» **YOUR GOAL**
The lines below, from the one containing "EN LO QUE va" through the one containing "Подснежник – Galanthus- (сем. Амариллисовых)", should be set down exactly, with no pictures and nothing else.

» **RECORDS FOR PROCESSING**
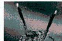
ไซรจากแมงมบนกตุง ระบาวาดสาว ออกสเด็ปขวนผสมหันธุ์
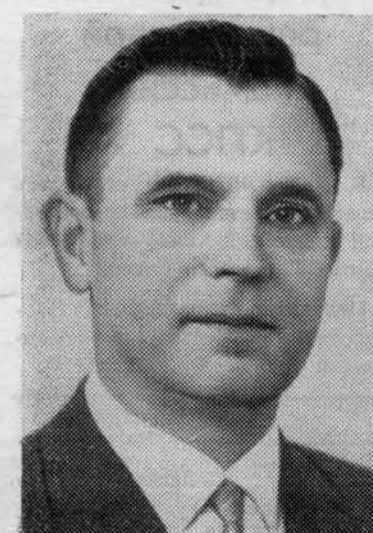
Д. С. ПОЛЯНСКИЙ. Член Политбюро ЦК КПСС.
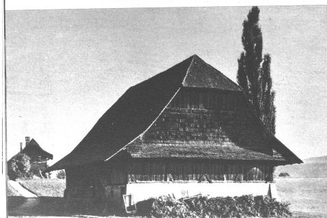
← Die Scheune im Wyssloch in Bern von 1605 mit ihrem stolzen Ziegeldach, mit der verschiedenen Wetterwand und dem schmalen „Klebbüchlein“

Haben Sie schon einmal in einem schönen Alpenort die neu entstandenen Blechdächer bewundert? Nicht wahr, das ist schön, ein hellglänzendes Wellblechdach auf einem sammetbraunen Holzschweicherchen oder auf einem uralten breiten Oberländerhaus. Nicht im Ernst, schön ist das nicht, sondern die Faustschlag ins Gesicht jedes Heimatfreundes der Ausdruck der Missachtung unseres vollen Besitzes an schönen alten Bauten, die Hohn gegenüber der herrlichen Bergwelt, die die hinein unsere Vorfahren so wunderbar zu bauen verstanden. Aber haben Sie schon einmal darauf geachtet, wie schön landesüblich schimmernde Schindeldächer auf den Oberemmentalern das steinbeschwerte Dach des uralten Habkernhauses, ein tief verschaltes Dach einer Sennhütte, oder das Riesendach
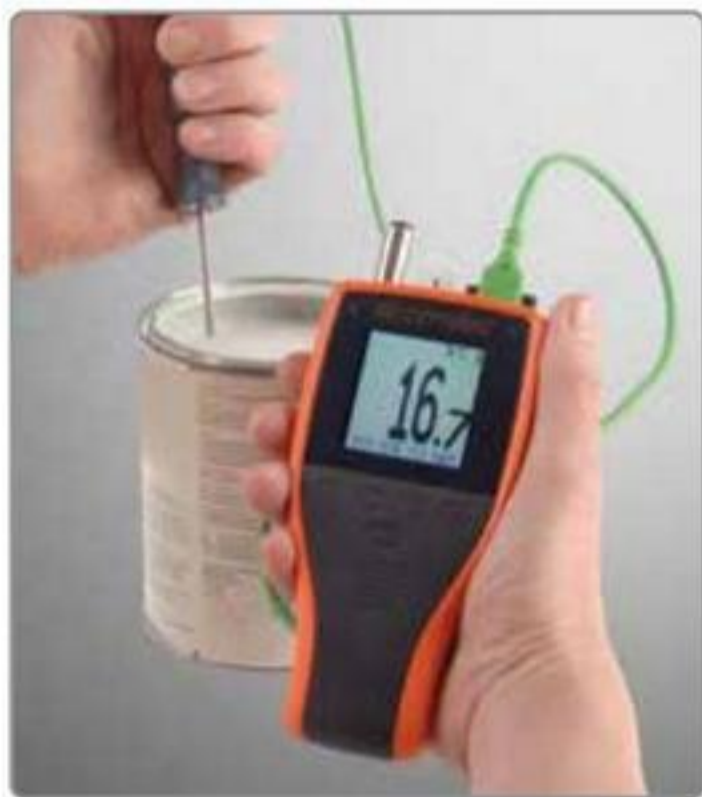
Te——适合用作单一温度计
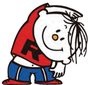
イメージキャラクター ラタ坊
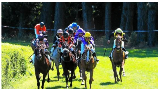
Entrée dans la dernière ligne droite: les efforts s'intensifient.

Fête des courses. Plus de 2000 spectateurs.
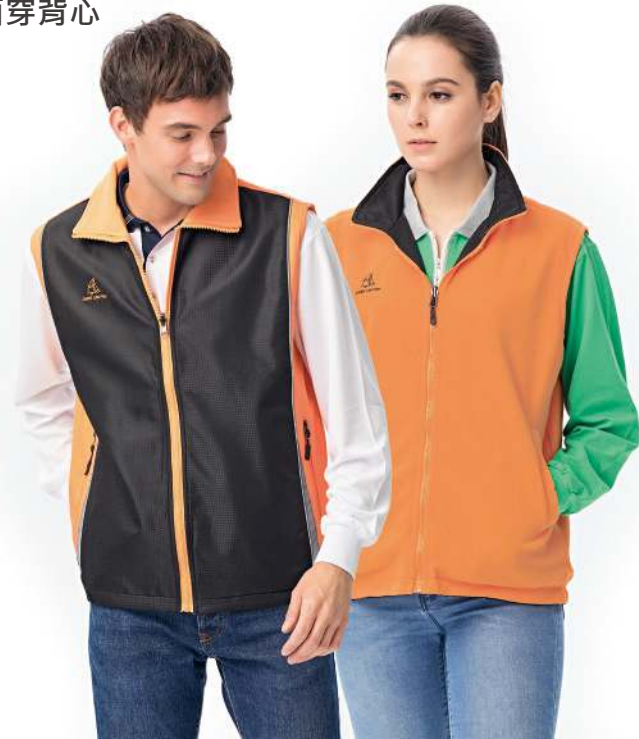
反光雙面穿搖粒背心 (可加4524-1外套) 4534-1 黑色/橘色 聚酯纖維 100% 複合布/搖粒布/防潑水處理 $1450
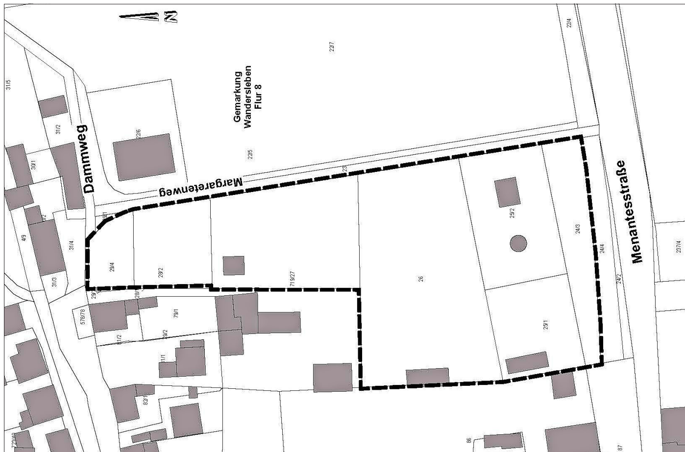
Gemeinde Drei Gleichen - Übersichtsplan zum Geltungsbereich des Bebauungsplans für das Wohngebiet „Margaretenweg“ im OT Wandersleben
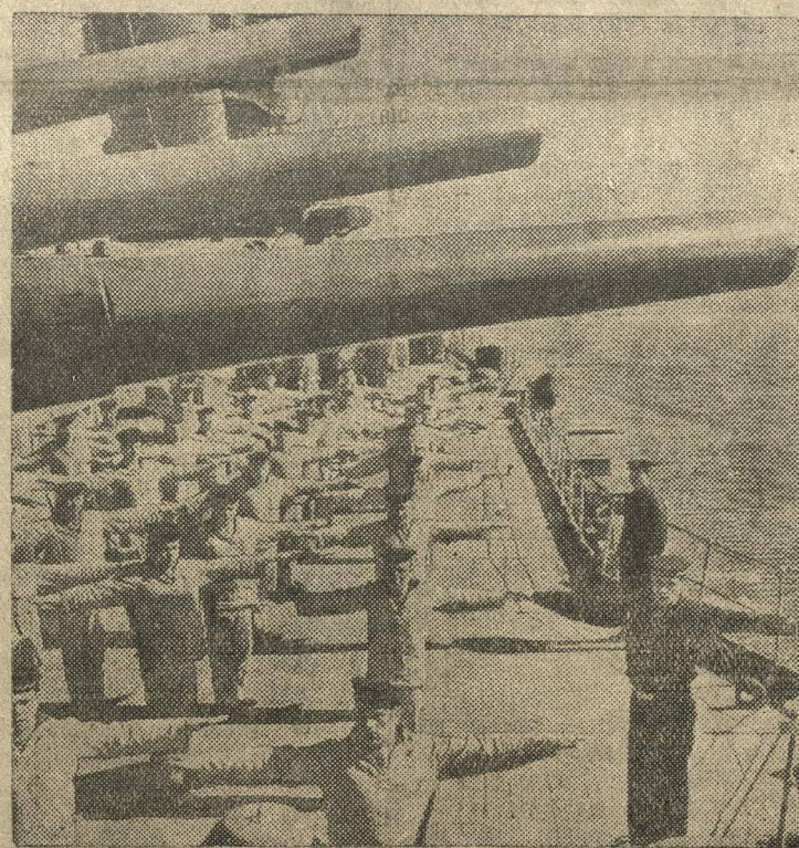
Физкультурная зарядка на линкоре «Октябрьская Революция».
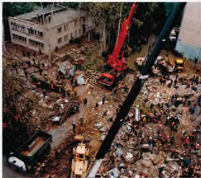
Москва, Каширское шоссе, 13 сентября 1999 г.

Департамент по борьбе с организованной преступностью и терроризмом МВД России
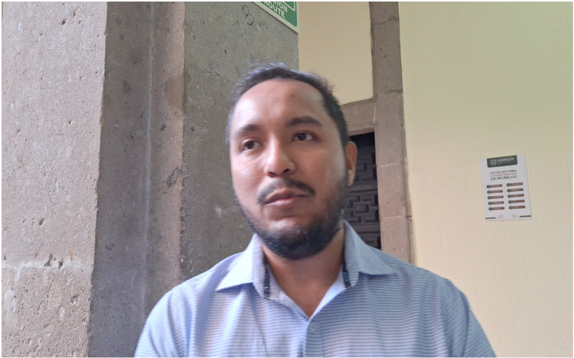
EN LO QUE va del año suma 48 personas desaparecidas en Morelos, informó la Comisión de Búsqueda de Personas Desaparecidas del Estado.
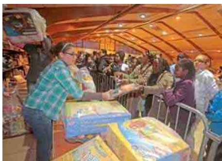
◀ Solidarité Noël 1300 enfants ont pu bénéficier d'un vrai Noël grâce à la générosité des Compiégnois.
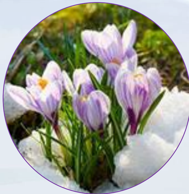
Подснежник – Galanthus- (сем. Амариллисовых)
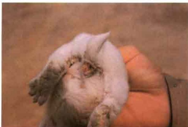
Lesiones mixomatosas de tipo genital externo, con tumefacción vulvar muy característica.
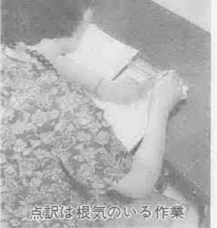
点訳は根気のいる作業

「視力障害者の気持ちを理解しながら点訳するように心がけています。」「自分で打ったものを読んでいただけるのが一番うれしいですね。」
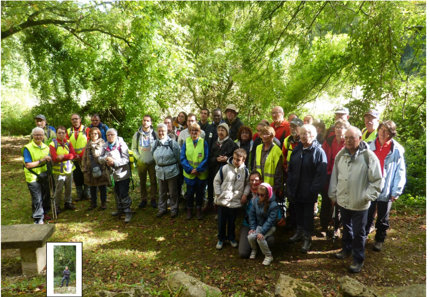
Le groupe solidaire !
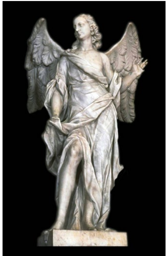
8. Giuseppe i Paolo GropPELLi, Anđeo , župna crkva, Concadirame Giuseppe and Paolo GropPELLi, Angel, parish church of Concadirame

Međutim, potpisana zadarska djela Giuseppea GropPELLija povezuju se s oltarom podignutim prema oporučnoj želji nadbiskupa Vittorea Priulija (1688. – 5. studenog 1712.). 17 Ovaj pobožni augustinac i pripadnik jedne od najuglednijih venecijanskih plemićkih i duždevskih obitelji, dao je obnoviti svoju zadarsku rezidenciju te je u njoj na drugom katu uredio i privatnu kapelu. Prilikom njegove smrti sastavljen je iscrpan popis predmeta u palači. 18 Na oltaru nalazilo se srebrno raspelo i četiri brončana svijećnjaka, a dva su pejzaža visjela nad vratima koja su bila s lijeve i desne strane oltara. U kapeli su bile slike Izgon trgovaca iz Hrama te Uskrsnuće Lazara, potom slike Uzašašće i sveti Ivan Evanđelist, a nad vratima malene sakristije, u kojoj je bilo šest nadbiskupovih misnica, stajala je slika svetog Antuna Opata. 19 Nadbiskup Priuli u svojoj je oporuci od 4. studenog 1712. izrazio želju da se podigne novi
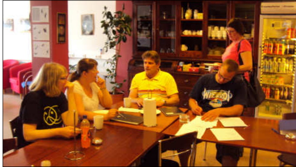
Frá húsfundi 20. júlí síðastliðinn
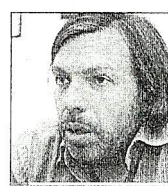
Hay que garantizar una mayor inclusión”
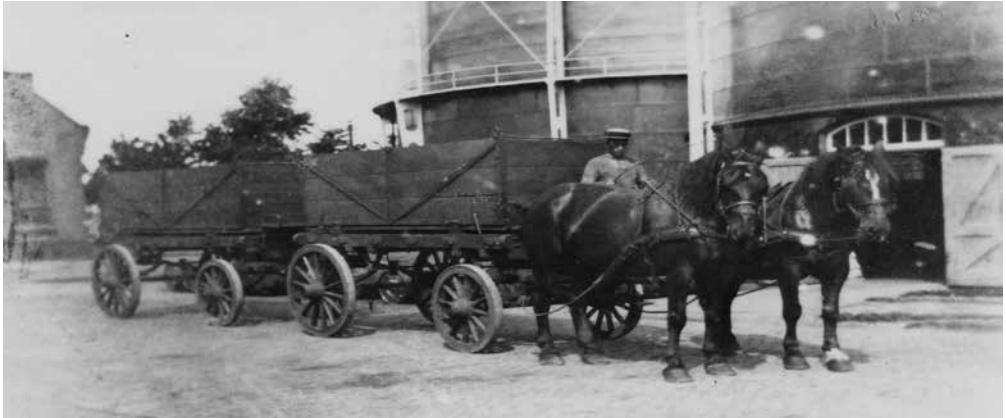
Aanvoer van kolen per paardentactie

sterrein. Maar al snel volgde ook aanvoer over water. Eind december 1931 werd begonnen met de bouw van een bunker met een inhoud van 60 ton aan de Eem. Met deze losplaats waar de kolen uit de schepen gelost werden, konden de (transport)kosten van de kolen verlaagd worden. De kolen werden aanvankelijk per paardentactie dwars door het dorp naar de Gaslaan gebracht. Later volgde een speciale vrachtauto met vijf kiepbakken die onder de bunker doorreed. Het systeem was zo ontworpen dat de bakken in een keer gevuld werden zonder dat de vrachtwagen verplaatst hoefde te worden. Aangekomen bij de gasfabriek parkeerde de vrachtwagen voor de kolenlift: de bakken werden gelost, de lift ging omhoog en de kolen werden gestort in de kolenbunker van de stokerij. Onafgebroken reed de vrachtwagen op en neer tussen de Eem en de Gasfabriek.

» **RESPONSE BOX**
EN LO QUE va del año suma 48 personas desaparecidas en Morelos, informó la Comisión de Búsqueda de Personas Desaparecidas del Estado.
◀ Solidarité Noël 1300 enfants ont pu bénéficier d'un vrai Noël grâce à la générosité des Compiégnois.
Подснежник – Galanthus- (сем. Амариллисовых)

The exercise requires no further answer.